Il faut rappeler que la situation économique et sociale est très dégradée. Faute de tissu économique digne de ce nom, la Guyane importe quasiment tout ce qu'elle consomme. En 2015, selon les Douanes, les importations (1,2 milliard d'euros) étaient huit fois plus importantes que les exportations (138 millions d'euros). En Guyane, le taux de chômage dépassait en 2016 22% de la population active, ce qui constitue le record français, talonnée par Mayotte et la Martinique. Certes, le nombre de moins de 25 ans inscrits à Pôle Emploi a reculé de 8,2% en 2015. Toutefois, leur taux de chômage a augmenté de 6,7 points, passant de 40% à 46,7%. Sans surprise, compte tenu de ce sous-développement économique, du caractère embryonnaire du secteur privé - 31% de la population active travaillait dans la fonction publique en Guyane en 2014, contre 18,7% en Métropole, les Guyanais sont frappés par la pauvreté. Selon l'Insee, 44% des Guyanais vivaient sous le seuil de pauvreté local en 2011, (500 euros par mois). A titre de comparaison, en Métropole, le taux de pauvreté fixé à 60% du revenu médian (800/900 euros par mois) concerne 13% à 14% de la population.

"Quel que soit le gouvernement qui sera là, ce qu'on demande, il va être obligé de nous le donner", a déclaré Mikael Mancée, le porte-parole du collectif " Pou la Gwiyann dékolé ".

Pour le prochain président, la Guyane, et plus globalement l'outre-mer, risque d'être un véritable baptême du feu. Il sera immédiatement jugé sur sa capacité à réformer, à développer ces économies qui sont historiquement les laissées pour compte de la politique économique métropolitaine.

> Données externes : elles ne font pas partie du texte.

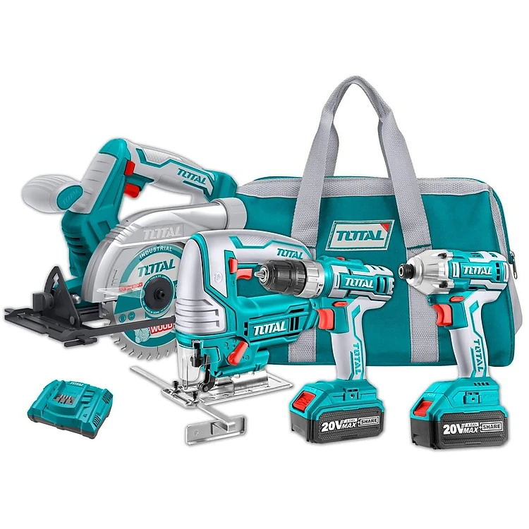 BỘ COMBO 4 MÁY CƯA ĐĨA TRÒN, MÁY CƯA LỌNG, MÁY SIẾT VÍT VÀ MÁY KHOAN DÙNG PIN 20V (2PIN 4 AH, 1 SẠC) TOTAL TCKLI2010 - HÀNG CHÍNH HÃNG

La partie sera-t-elle facile ? Au cours des meetings, devant leur auditoire conquis et enflammé, chacun des candidats se présente comme étant le seul capable de réformer la France, rapidement et sans douleur, ou presque. Pour l'instant, leurs propositions sur l'outre-mer sont bien peu précises, consistant le plus souvent à plaquer des dispositifs fiscaux taillés pour la métropole. La Guyane ? Peu en parlent. Néanmoins, le prochain président pourra compter sur l'attachement des Guyanais à la France pour lancer ses réformes. Un attachement a priori indéfectible. Mais il ne faudrait pas que la situation dégénère.